Amazon Simple Queue Service (SQS) is a fully managed message queuing service that enables decoupling between application components.
Producers send messages to a queue, and consumers retrieve and process them asynchronously. This architecture allows each component to scale independently and improves overall fault tolerance.

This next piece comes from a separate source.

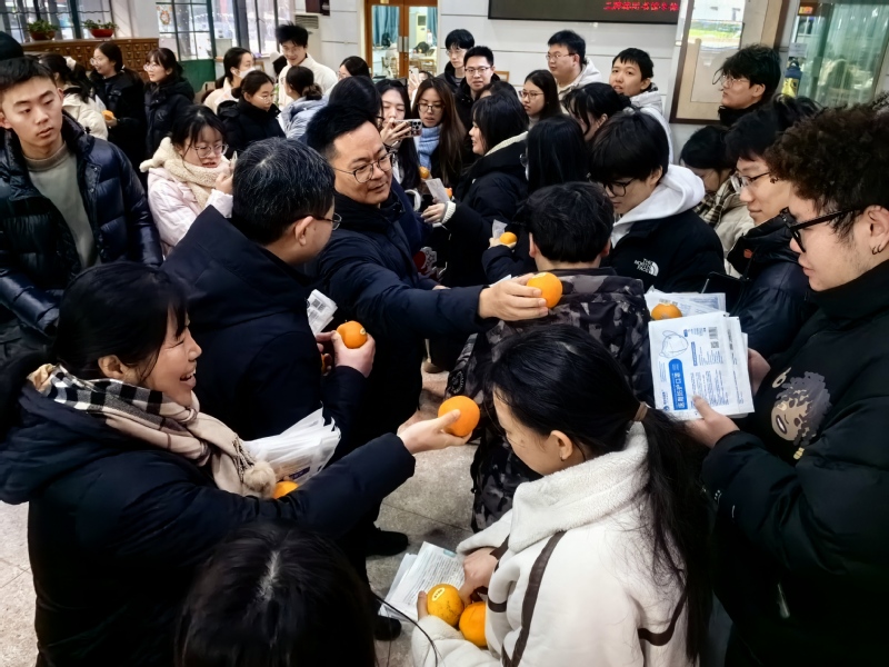 在图书馆大厅,钟书记一行详细了解2024届考研学生的复习情况,充分肯定大家近一年的辛苦与付出,希望全体同学能够坚持初心、沉稳答题、稳定发挥,为自己的拼搏和努力交出一份满意的答卷。钟书记一行还为在场同学发放橙子等慰问品,祝愿全体同学心想事“橙”、一战“橙”硕、“橙”胜追击。慰问活动后,钟书记详细了解了2024届考研送考安排等情况,要求2024届毕业班辅导员精心组织、周密谋划,为考生营造舒适、温馨的送考环境,帮助考生顺利、平安到达仙林校区。
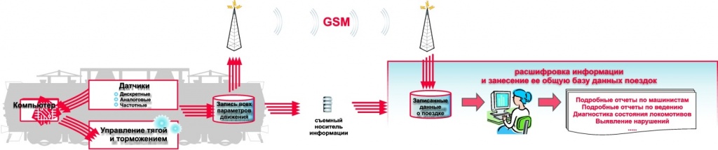 On-board equipment is installed on the locomotive and includes a color graphic display, where driver can see engine parameters, speed, coordinates, track profile, locomotive traffic lights, current and next speed limits, nearest track objects and stations, information on performed schedule , etc. The system allows driver to implement various motion modes - according to the schedule, station-to-station driving time, advisor mode, “virtual coupling” mode (CTRL@CONNECT)

🟢 Amazon SQS – Queue Types

Standard Queue

  • Oldest and most widely used SQS type
  • Unlimited throughput and number of messages
  • Low latency: typically < 10 ms for publishing and receiving
  • Message size limit: up to 256 KB
  • Retention: 4 days by default, configurable up to 14 days
  • Delivery semantics:
    • At-least-once delivery → duplicates possible
    • Best-effort ordering → messages may arrive out of order

FIFO Queue

  • Must have a .fifo suffix in the queue name
  • Ensures First-In-First-Out delivery order
  • Exactly-once processing (no duplicates)
  • Ordering is maintained using a Message Group ID (required for each message)
  • Deduplication ID prevents the same message from being enqueued more than once within the deduplication interval
  • Throughput:
    • Up to 300 messages/sec without batching
    • Up to 3,000 messages/sec with batching
  • Ideal for order-sensitive workloads such as financial transactions or sequential workflows
You cannot convert an existing Standard queue into a FIFO queue. You must create a new FIFO queue and migrate producers/consumers to it.